Tanpa pikir panjang Audrey memaksa masuk, dia berputar dan menghindari satpam yang mengejarnya dari belakang.
“Tangkap gadis itu!”
“Aku harus bisa bertemu Christian dengan cara apa pun,” ucapnya.
Beberapa kali satpam hampir bisa menangkap Audrey, dia berlari cukup kencang di antara kerumunan orang-orang yang berlalu lalang.
“Ugh!”
Audrey terpental karena menabrak tubuh seseorang.
“Maaf, maafkan aku,” ujar Audrey tanpa berani mengangkat kepalanya. Mati sudah! Dia pasti akan tertangkap. Audrey berdiri merapikan pakaiannya, dan mengibas celana jeansnya yang agak kotor.

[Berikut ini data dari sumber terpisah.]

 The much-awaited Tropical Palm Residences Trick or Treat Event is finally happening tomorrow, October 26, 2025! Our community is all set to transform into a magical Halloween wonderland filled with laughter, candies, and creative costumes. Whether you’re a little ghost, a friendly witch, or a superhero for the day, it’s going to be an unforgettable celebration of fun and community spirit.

“Itu dia orangnya, bawa dia pergi dari sini. Maafkan kami, Tuan Chris,” ujar salah seorang satpam.
Chris?
Barusan orang itu menyebut nama Chris?
Audrey memberanikan diri mengangkat kepalanya, dan benar saja Christian berada di hadapannya.

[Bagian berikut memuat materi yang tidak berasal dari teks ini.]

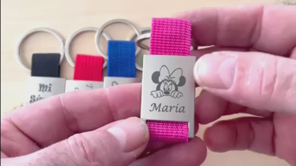 Llavero personalizado de metal acabado mate con correa decorativa. Grabado láser imborrable sobre el metal en dos caras con texto, logo o dibujo.
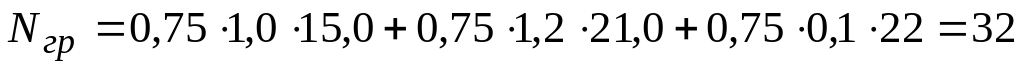 Из условия размещения фундаментной подушки высотой 0,5 м, блоков стен подвала высотой 0,6 и 0,3 м и армированного пояса толщиной 0,1 м окончательно принимаем d = 3 0,6 + 0,3 + 0,5 + 0,1 = 2,7 м, то есть подошва фундамента находится на отметке –3,200 (рис. 1). Принимаем db = 2 м, так как глубина подвала 2,1 > 2 м (см. пояснения к формуле (7) [1]).
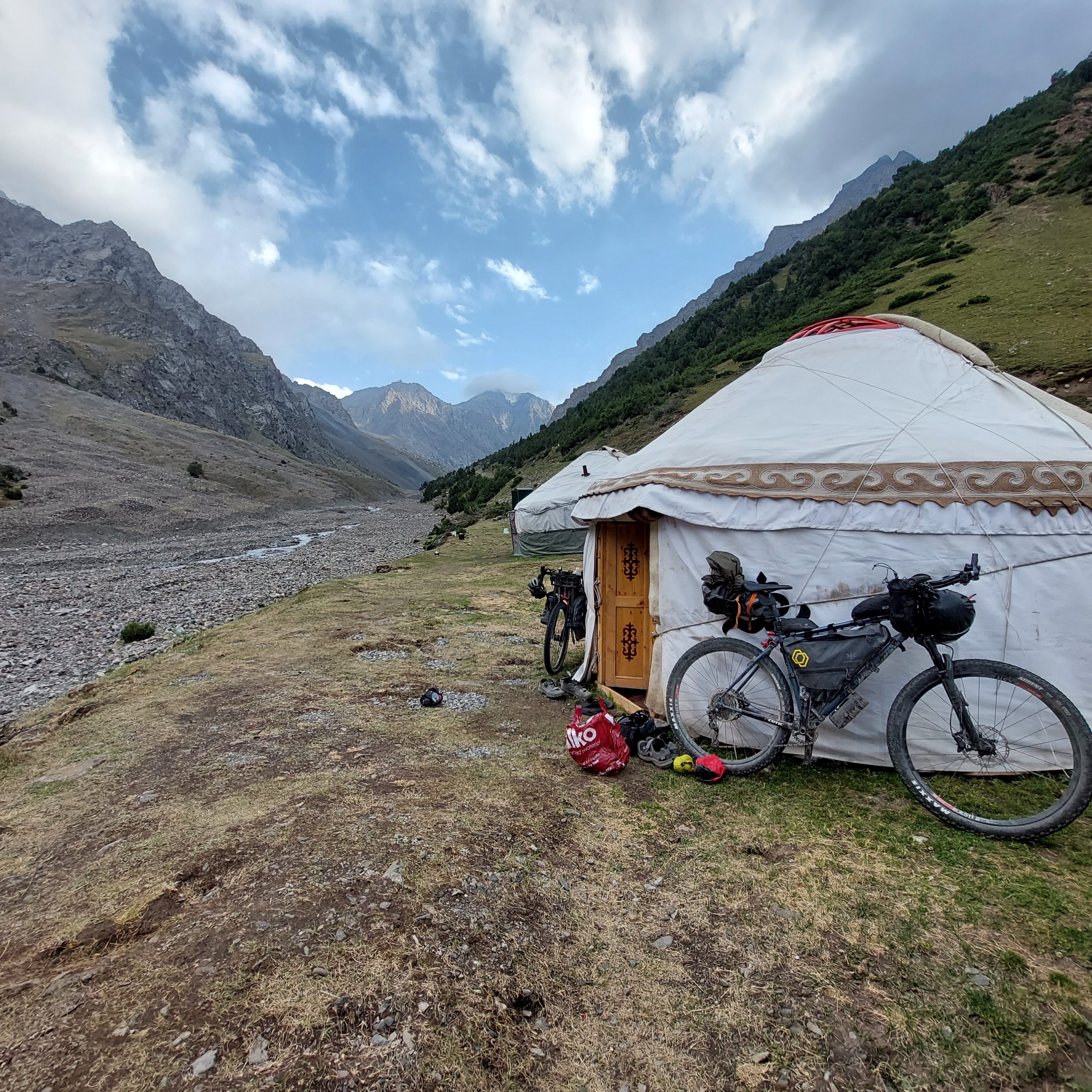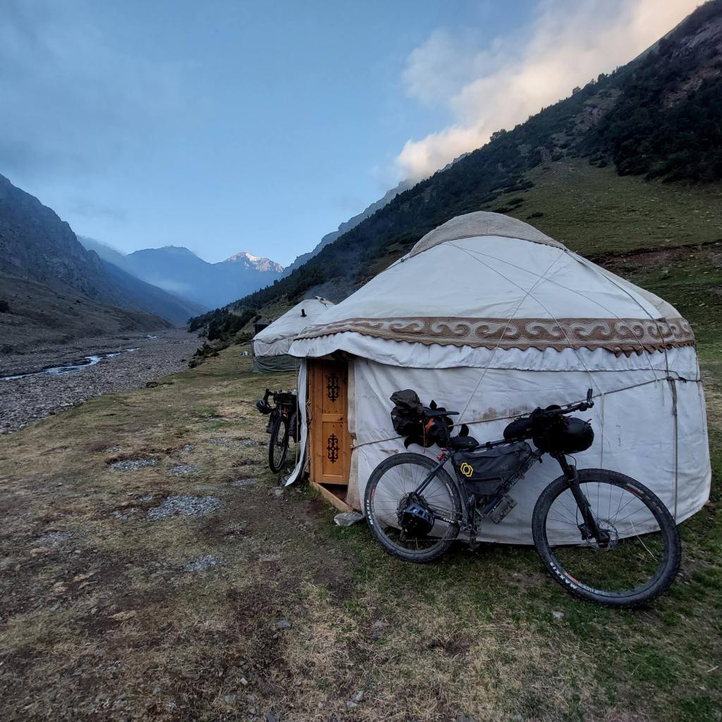 We woke at 6am, cooked breakfast, packed tents away and were riding around 7.30. After a mile or so we passed a yurt camp with a few other riders there, camped up. We carried on.
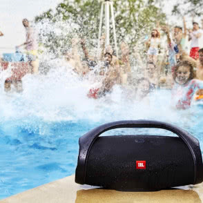 JBL Boombox posiada klasę wodoszczelności IPX7. Oznacza to, że głośnik można zanurzyć w wodzie na głębokość do 1 m na maksymalnie 30 minut. Jest to tzw. pierwsza klasa wodoszczelności "podwodnej". Przedmioty tej klasy nadają się do użytku w czasie pływania w wodzie i snorkelingu, gdzie duże głębokości nie występują. Przy tak potężnym głośniku jeszcze ciekawszą wydaje się być technologia JBL Connect+, czyli możliwość połączenia ze sobą nawet ponad 100 głośników. Takie rozwiązanie z pewnością pozwoli rozkręć spektakularną imprezę!
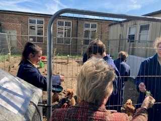 In the last week of term before Easter we held Bishop Luffa School's first ever 'Chicken Week'. We started the week with an Easter bake sale and were joined at lunchtime by the Rev Celia Woodruff for our Chicken Blessing. Father Phill also joined in and the hens and their run were blessed with Holy Water sprinkled on them with sprigs of Rosemary by the students. We expressed our gratitude for the joy the hens bring to students and prayed that they may continue to stay safe and healthy.
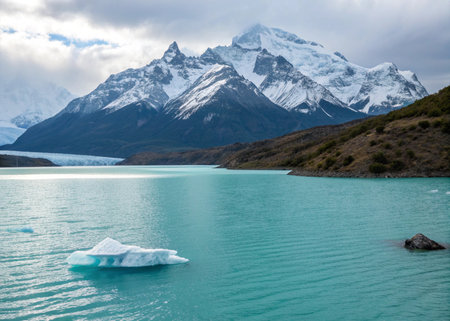 View of Iceberg floating in the Lake Grey at the Torres del Paine National Park in Southern Chilean Patagonia, Chile

“Ada masalah apa?” tanya Chris.
“Maaf, gadis ini mencoba menerobos masuk untuk bertemu Anda. Kami akan membereskannya,” ujar satpam tersebut merasa bersalah ketika Chris menatapnya garang.
“Cepat bereskan, aku masih ada urusan dengan klien,” jawab Christian, kemudian melewati Audrey yang membeku di tempatnya.

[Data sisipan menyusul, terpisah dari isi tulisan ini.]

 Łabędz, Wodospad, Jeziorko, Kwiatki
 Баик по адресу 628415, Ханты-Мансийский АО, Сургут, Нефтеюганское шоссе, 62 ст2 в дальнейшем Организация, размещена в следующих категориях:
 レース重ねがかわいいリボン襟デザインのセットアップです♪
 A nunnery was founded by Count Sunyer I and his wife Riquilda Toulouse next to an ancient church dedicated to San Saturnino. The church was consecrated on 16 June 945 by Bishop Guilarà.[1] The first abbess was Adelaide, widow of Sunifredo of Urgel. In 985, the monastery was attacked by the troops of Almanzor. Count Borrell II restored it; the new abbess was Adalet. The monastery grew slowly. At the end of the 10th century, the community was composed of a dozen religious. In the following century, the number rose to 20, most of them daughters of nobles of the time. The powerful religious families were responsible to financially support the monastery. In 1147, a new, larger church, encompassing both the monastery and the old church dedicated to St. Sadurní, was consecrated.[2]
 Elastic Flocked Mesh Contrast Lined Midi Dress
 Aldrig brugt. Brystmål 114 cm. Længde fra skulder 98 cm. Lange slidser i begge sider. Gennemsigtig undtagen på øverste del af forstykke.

Satpam itu pun mencekal lengan Audrey dengan kasar, saat itulah Audrey tersadar dari tujuan semulanya. Dia pun membalikkan badan dan berteriak sekuat tenaga, “ Christian Butt! Selamatkan anakmu!”
Christian langsung menghentikan langkahnya mendengar teriakan Audrey.
Anak?
Apa dia tak salah dengar?
Menikah saja belum, bagaimana punya anak!
Christian berbalik, kemudian berjalan ke arah Audrey. “Lepaskan dia,” pinta Christian. Ditatapnya dalam-dalam kedua mata Audrey. Wajah itu pernah dilihatnya beberapa hari lalu.
“Tapi Tuan?”
“Lepas kataku!”
“Ba-baiklah.”
“Chris,” panggil Audrey pelan. Rasanya Audrey ingin menampar wajah laki-laki di hadapannya. Dadanya terasa sakit, tubuhnya gemetar, keringat dingin mengucur dari pelipis, sekelebat ingatan masa lalunya muncul dalam pikiran Audrey.
“Aku ingat wajahmu, kau ibu dari bocah laki-laki itu, kan?” tanya Christian. Chris mencoba mendekati Audrey lebih dekat. Tapi sungguh, Audrey mendadak merasa jijik ketika Christian mendekat. Aroma tubuhnya malam itu kembali mengingatkan ingatan Audrey yang lama terkubur.
“Ja-jangan dekati aku,” ucap Audrey pelan.
“Ka-kau kenapa? Tadi kau bilang selamatkan anakku? Kau ini siapa?”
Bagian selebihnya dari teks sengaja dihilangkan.